The Policy contains an endorsement limiting coverage for losses related to fungus: Remediation of Fungus. ...

b. We do not cover fungus which is the result of: (1) continuous or repeated seepage or leakage of water or steam from a: (a) heating, air conditioning or automatic fire protective sprinkler system; (b) household appliance; or (c) plumbing system, including from, within, or around any shower stall, tub installation, or other plumbing fixture, including their walls, ceilings or floors; or

(2) defect, weakness, inadequacy, fault or unsoundness in: (a) planning, zoning, development, surveying, siting; (b) design, specifications, workmanship, construction, grading, compaction; (c) materials used in construction or repair; or (d) maintenance;

of any property (including land, structures, or improvements of any kind) whether on or off the residence premises.

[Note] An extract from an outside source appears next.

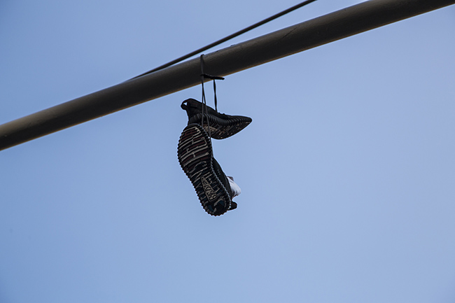 The number he placed on the sole is said to be his personal line, and if you want this pair all you have to do is text him and he will let you know where they are at. It isn’t known at this time if someone already picked them up, but they are hanging from a power liner somewhere in New York. See below for more images of the ‘Kanye 2020’ adidas Yeezy 350 Boost custom below. You can also visit his website to grab the number.

Id. at 13. On October 9, 2018, plaintiffs filed this lawsuit in Connecticut Superior Court, Judicial District of Stamford- Norwalk. See Doc. #1 at 2. The action was removed to this Court on October 24, 2018. See Doc. #1. On January 16, 2020, State Farm filed a Motion to Dismiss the second, third, and fourth counts of plaintiffs’ Amended Complaint. See Doc. #47 at 1. On June 15, 2020, after a hearing before Judge Robert N. Chatigny, State Farm’s Motion to Dismiss was granted as to the fourth count only, thus dismissing the CUTPA and CUIPA claims. See Doc. #62. State Farm filed its Motion for Summary Judgment on March 1, 2021. See Doc. #76. This case was transferred to the undersigned on October 21, 2021. See Doc. #97. II. LEGAL STANDARD Summary judgment is appropriate when “the movant shows that

there is no genuine dispute as to any material fact and the movant is entitled to judgment as a matter of law.” Fed. R. Civ. P. 56(a). “The party seeking summary judgment has the burden to demonstrate that no genuine issue of material fact exists.” Marvel Characters, Inc. v. Simon, 310 F.3d 280, 286 (2d Cir. 2002). In deciding a motion for summary judgment, the Court “must construe the facts in the light most favorable to the non-moving party and must resolve all ambiguities and draw all reasonable inferences against the movant.” Beyer v. Cnty.